* _About this exercise_
With the pictures left out, transcribe exactly the lines from the one with "EXCLUSIVELY DESIGNED FOR" through the end of the data.

BEGIN Information shown

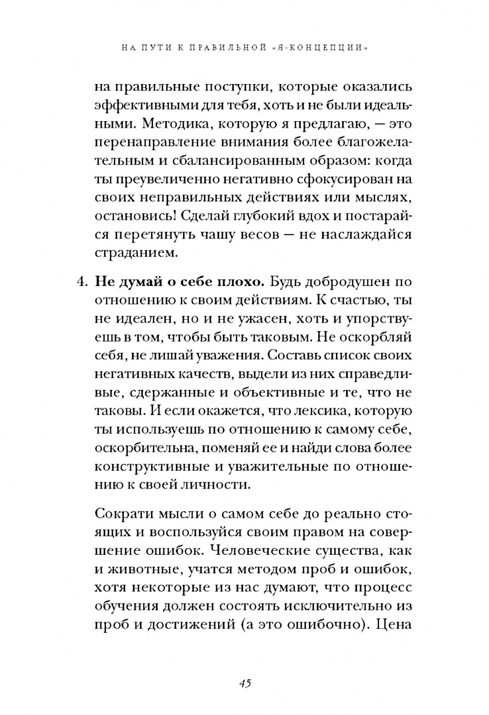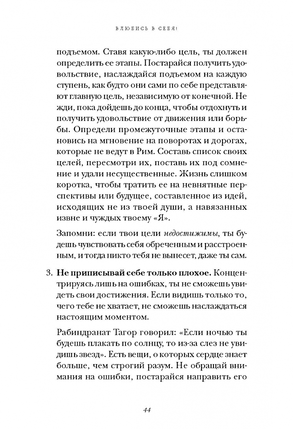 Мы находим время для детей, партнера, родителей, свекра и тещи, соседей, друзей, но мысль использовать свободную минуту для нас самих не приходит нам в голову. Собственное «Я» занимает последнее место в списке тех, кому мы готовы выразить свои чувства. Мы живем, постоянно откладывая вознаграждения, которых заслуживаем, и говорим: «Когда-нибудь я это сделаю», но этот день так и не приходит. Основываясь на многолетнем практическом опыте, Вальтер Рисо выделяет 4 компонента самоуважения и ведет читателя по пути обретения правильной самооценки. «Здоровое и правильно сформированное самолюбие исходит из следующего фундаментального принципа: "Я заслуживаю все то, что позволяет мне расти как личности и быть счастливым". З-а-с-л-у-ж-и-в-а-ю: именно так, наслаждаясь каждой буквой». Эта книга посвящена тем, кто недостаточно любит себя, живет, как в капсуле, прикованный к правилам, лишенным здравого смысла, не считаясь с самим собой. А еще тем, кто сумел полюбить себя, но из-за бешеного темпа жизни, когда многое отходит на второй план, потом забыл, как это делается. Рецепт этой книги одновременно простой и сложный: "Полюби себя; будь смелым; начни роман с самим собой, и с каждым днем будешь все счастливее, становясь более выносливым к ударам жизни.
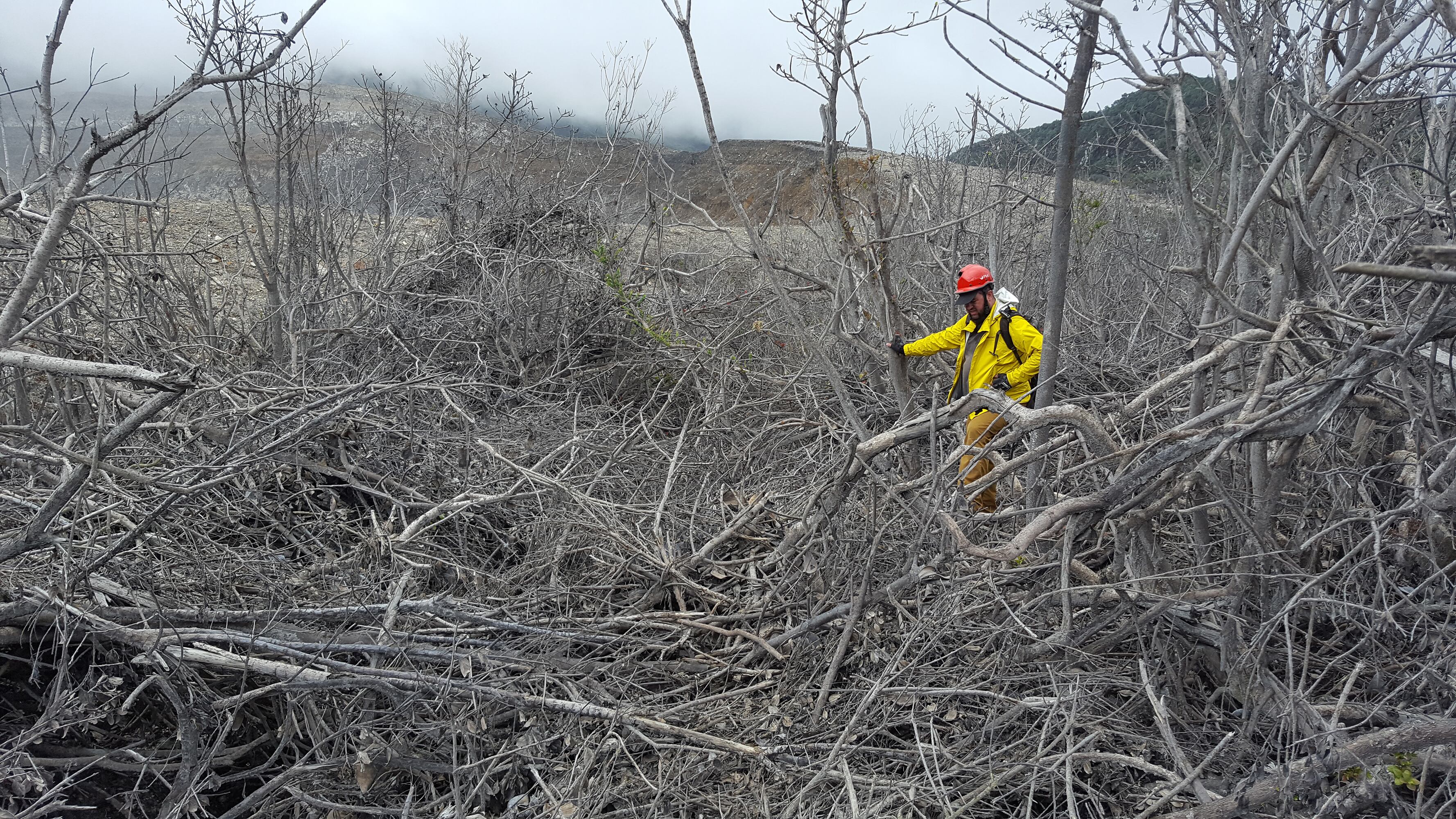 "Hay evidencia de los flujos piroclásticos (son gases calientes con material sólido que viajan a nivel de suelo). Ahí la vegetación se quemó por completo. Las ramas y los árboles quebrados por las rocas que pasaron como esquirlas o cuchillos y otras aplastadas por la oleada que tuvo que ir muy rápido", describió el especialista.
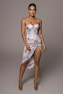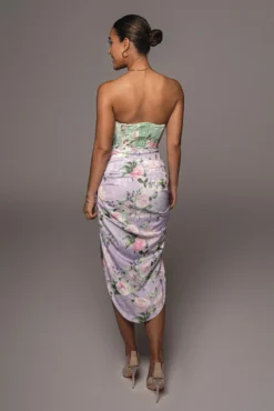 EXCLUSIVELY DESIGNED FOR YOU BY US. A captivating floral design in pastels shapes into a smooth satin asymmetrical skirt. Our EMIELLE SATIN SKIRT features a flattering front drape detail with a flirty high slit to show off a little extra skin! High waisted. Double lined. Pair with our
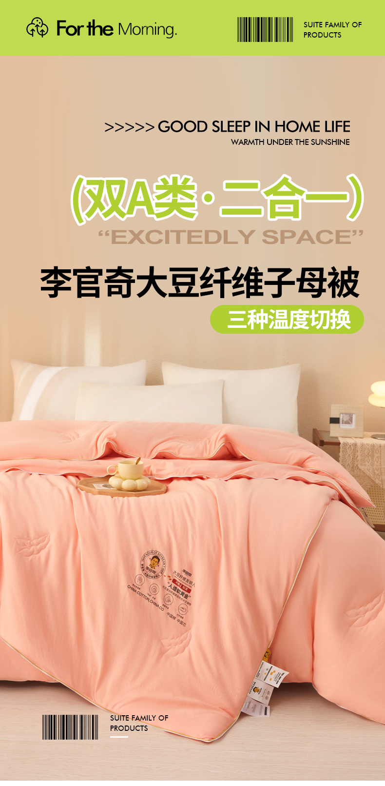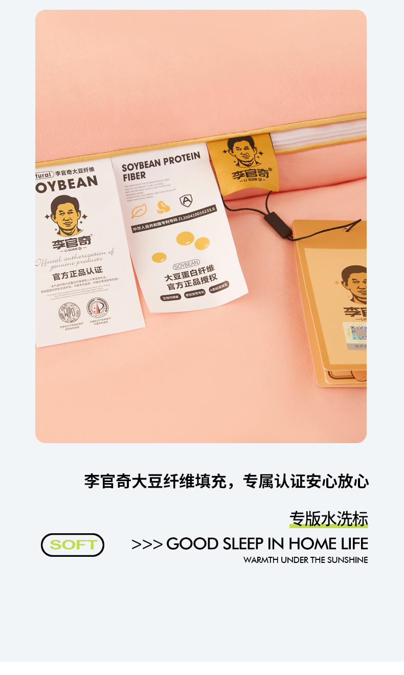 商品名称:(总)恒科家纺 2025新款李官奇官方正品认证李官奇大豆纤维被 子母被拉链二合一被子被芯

END Information shown

* _Your solution_
 EXCLUSIVELY DESIGNED FOR YOU BY US. A captivating floral design in pastels shapes into a smooth satin asymmetrical skirt. Our EMIELLE SATIN SKIRT features a flattering front drape detail with a flirty high slit to show off a little extra skin! High waisted. Double lined. Pair with our
 商品名称:(总)恒科家纺 2025新款李官奇官方正品认证李官奇大豆纤维被 子母被拉链二合一被子被芯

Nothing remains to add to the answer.